» WHAT TO PRODUCE:
In the listing below, locate the line containing "Fiddler Crab: look" and copy it and every line after it through the end, exactly as written, leaving out any pictures.

» SUPPLIED DATA:
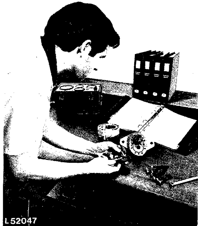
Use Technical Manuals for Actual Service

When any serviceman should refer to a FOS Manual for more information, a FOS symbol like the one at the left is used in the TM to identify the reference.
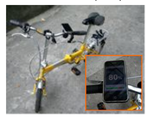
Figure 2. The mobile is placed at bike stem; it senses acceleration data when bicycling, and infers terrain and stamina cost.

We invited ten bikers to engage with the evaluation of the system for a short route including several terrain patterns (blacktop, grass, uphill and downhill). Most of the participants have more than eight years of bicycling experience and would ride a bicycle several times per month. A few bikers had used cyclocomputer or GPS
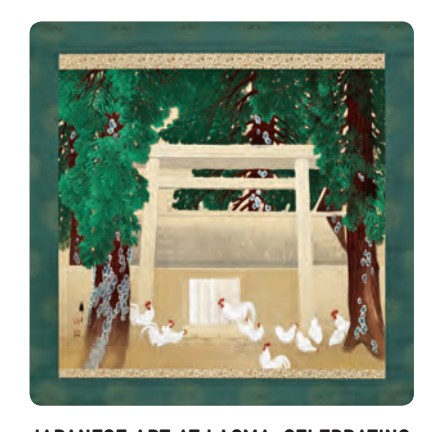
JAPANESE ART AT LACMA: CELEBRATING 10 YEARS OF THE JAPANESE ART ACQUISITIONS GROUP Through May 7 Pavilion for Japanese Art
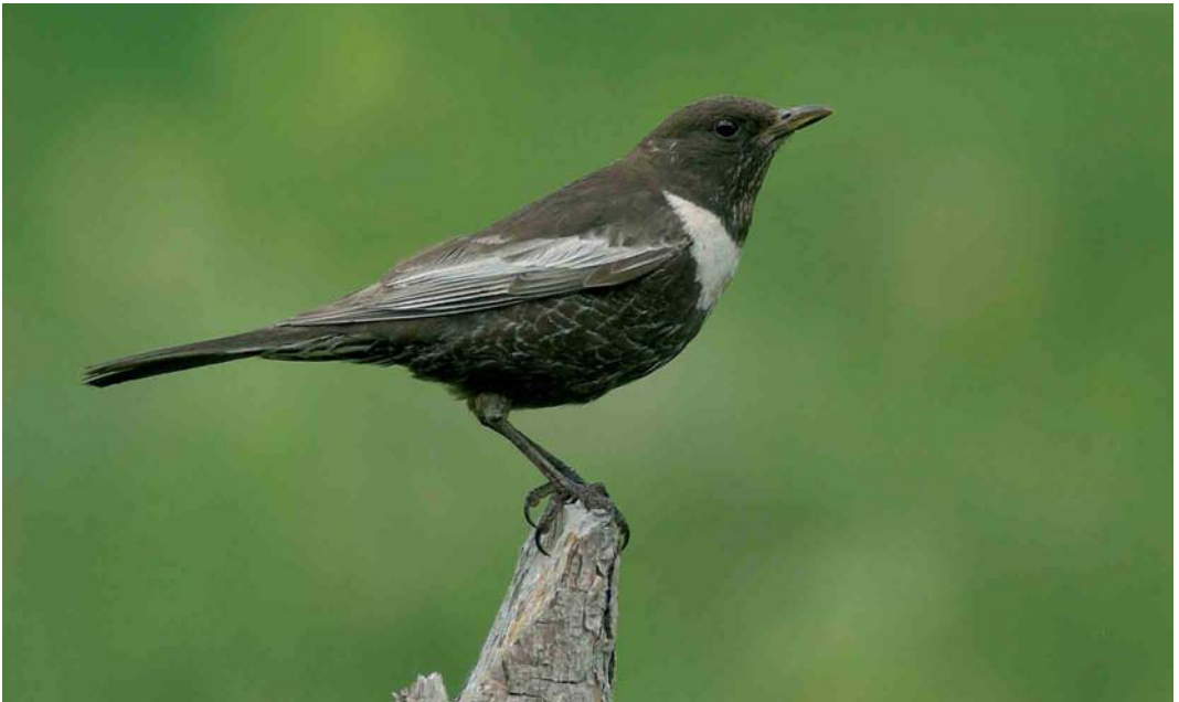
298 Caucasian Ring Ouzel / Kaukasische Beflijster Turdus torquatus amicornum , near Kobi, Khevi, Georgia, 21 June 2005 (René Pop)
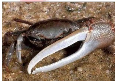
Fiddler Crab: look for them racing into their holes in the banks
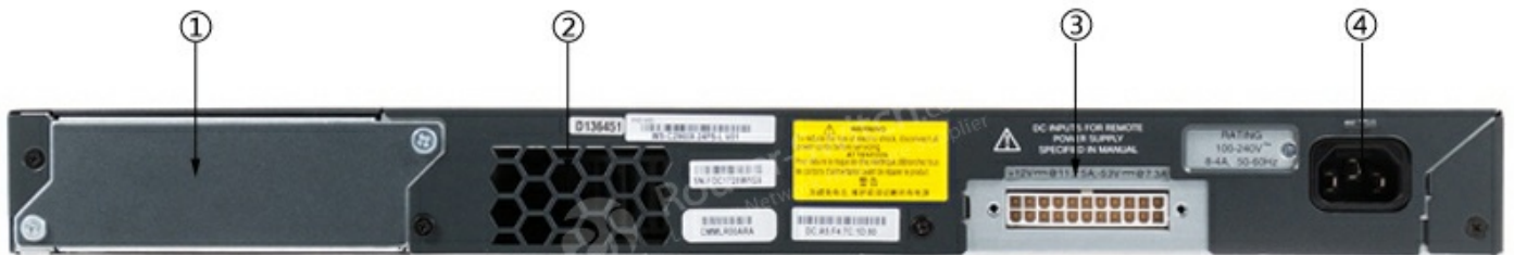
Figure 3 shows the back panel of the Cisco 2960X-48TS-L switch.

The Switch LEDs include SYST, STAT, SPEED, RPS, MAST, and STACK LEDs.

» RESPONSE BELOW:
Fiddler Crab: look for them racing into their holes in the banks
Figure 3 shows the back panel of the Cisco 2960X-48TS-L switch.

The Switch LEDs include SYST, STAT, SPEED, RPS, MAST, and STACK LEDs.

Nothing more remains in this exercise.